▶ _Exercise goal_
Every line from the one with "图1 黄河改道及江苏海岸概况" to the final line of the records should be printed exactly as it is, with pictures left out.

(Beginning of Record extracts)

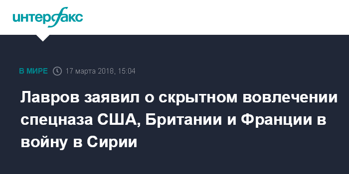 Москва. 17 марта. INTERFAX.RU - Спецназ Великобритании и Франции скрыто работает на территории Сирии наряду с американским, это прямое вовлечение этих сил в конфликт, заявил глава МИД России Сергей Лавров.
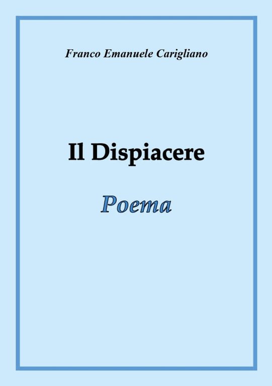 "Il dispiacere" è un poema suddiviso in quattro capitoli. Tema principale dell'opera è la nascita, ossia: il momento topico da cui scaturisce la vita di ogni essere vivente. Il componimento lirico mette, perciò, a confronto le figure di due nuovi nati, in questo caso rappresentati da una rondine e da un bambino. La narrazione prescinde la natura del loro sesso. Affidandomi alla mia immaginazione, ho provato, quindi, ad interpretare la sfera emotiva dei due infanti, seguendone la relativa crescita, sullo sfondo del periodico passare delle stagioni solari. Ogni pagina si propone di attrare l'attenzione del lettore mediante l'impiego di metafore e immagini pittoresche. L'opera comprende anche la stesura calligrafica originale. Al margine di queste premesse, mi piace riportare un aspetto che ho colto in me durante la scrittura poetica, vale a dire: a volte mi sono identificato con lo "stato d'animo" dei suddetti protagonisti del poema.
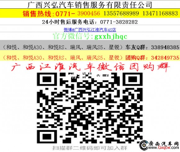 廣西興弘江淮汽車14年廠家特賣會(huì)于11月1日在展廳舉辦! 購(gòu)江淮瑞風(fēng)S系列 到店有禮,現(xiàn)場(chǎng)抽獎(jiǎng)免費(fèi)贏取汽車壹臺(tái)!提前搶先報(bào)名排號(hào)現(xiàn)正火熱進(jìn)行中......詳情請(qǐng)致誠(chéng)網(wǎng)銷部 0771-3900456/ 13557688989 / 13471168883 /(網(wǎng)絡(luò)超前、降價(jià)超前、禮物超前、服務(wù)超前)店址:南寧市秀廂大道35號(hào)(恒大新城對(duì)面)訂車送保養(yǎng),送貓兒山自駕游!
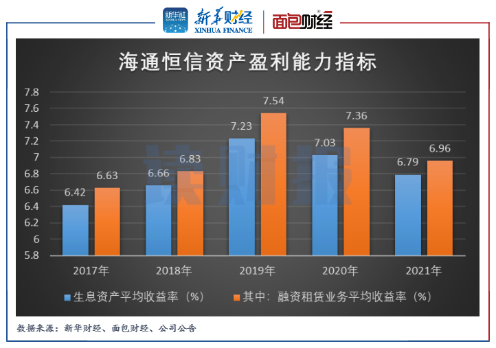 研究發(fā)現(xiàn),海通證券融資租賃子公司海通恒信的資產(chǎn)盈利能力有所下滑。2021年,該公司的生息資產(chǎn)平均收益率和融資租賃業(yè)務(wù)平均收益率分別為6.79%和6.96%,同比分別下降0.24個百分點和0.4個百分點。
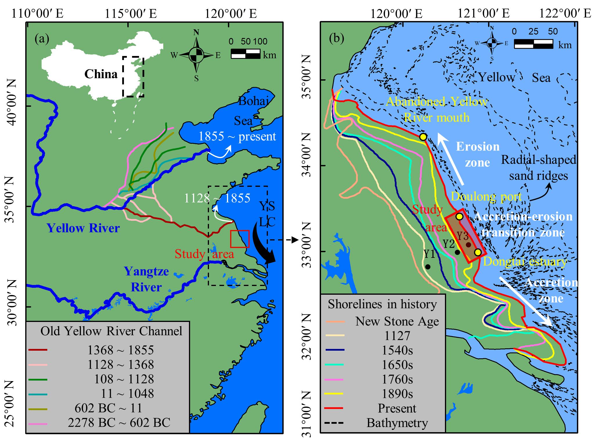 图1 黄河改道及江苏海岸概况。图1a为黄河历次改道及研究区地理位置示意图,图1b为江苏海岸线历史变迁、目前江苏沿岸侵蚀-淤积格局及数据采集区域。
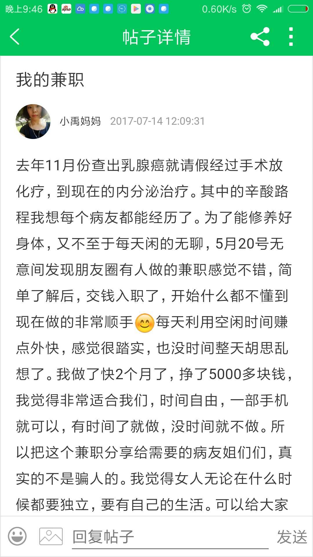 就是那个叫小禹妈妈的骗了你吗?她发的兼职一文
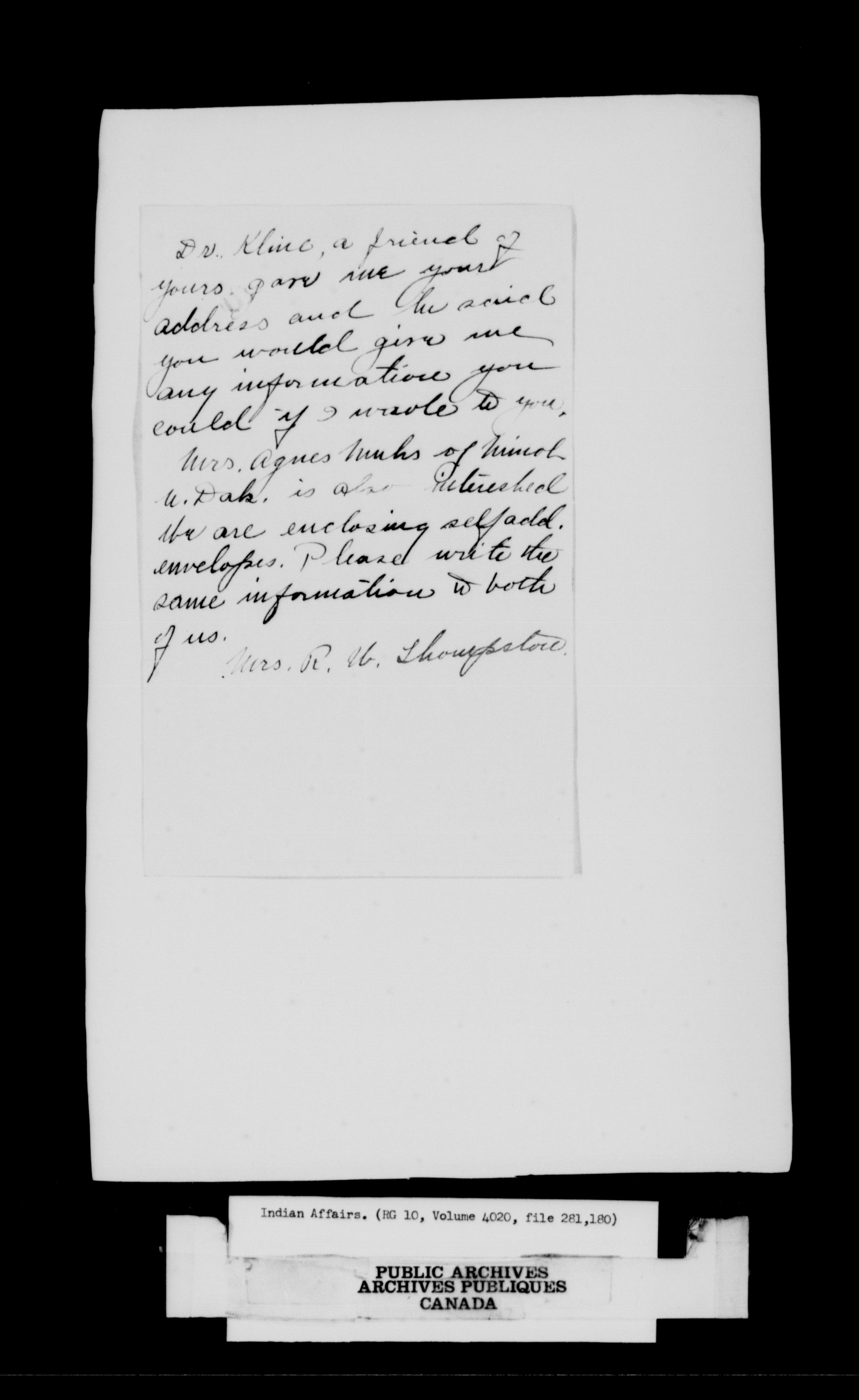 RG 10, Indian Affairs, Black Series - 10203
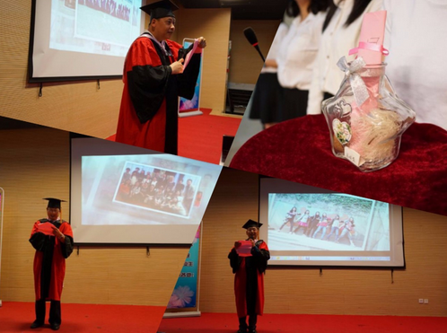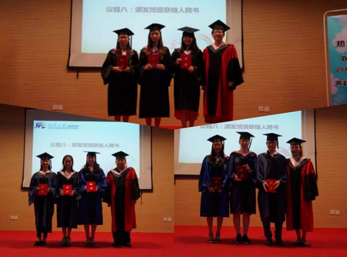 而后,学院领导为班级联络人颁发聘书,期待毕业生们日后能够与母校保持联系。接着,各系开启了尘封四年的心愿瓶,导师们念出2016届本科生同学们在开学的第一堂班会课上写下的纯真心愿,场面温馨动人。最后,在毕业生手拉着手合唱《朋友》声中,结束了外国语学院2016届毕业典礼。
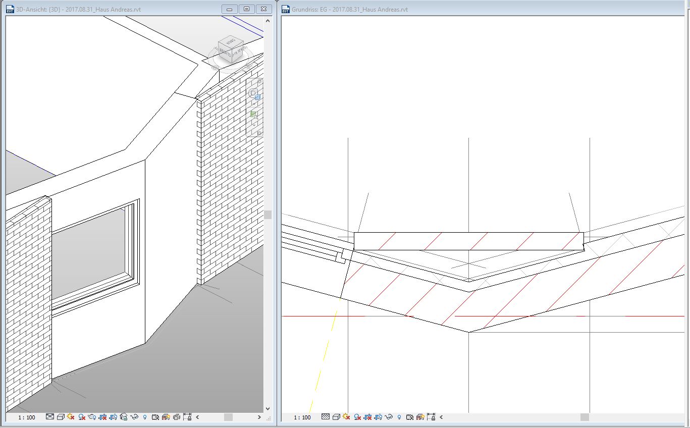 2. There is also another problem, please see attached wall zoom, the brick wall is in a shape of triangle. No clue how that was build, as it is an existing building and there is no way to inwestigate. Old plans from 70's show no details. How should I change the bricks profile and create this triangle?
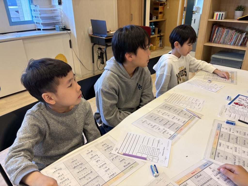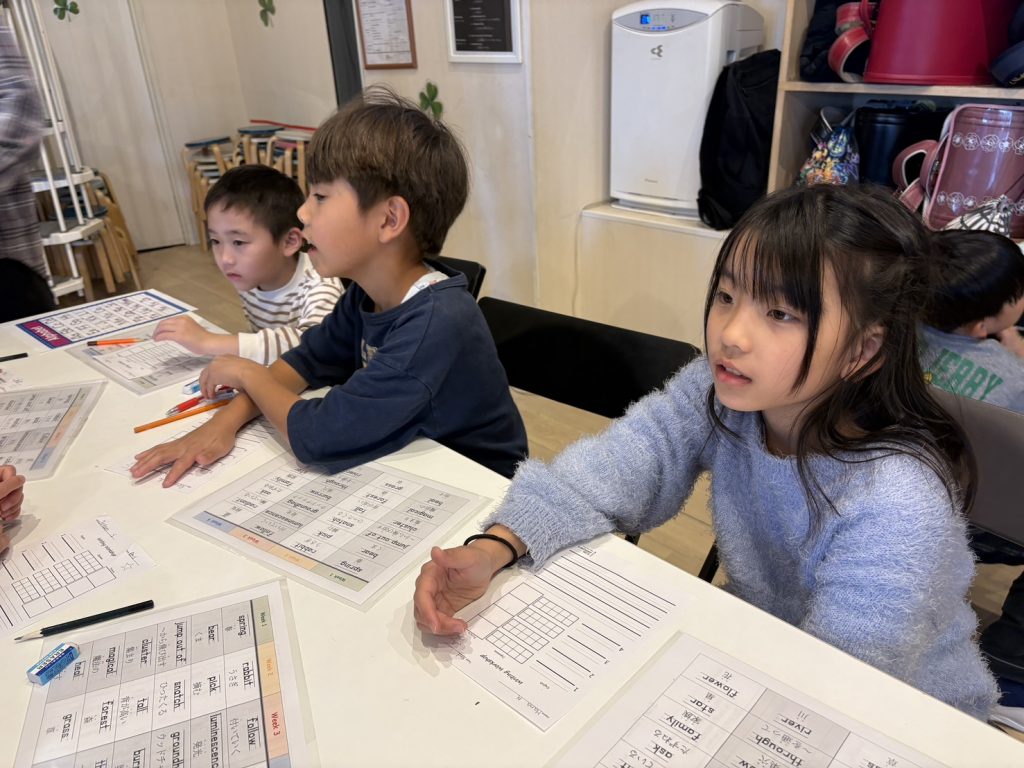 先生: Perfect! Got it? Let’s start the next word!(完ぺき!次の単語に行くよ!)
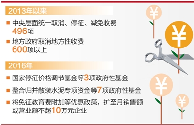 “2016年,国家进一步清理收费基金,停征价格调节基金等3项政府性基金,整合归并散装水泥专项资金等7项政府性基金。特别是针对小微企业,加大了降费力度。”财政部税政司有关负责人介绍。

(End of Record extracts)

▶ _Reply_
 图1 黄河改道及江苏海岸概况。图1a为黄河历次改道及研究区地理位置示意图,图1b为江苏海岸线历史变迁、目前江苏沿岸侵蚀-淤积格局及数据采集区域。
 就是那个叫小禹妈妈的骗了你吗?她发的兼职一文
 RG 10, Indian Affairs, Black Series - 10203
 而后,学院领导为班级联络人颁发聘书,期待毕业生们日后能够与母校保持联系。接着,各系开启了尘封四年的心愿瓶,导师们念出2016届本科生同学们在开学的第一堂班会课上写下的纯真心愿,场面温馨动人。最后,在毕业生手拉着手合唱《朋友》声中,结束了外国语学院2016届毕业典礼。
 2. There is also another problem, please see attached wall zoom, the brick wall is in a shape of triangle. No clue how that was build, as it is an existing building and there is no way to inwestigate. Old plans from 70's show no details. How should I change the bricks profile and create this triangle?
 先生: Perfect! Got it? Let’s start the next word!(完ぺき!次の単語に行くよ!)
 “2016年,国家进一步清理收费基金,停征价格调节基金等3项政府性基金,整合归并散装水泥专项资金等7项政府性基金。特别是针对小微企业,加大了降费力度。”财政部税政司有关负责人介绍。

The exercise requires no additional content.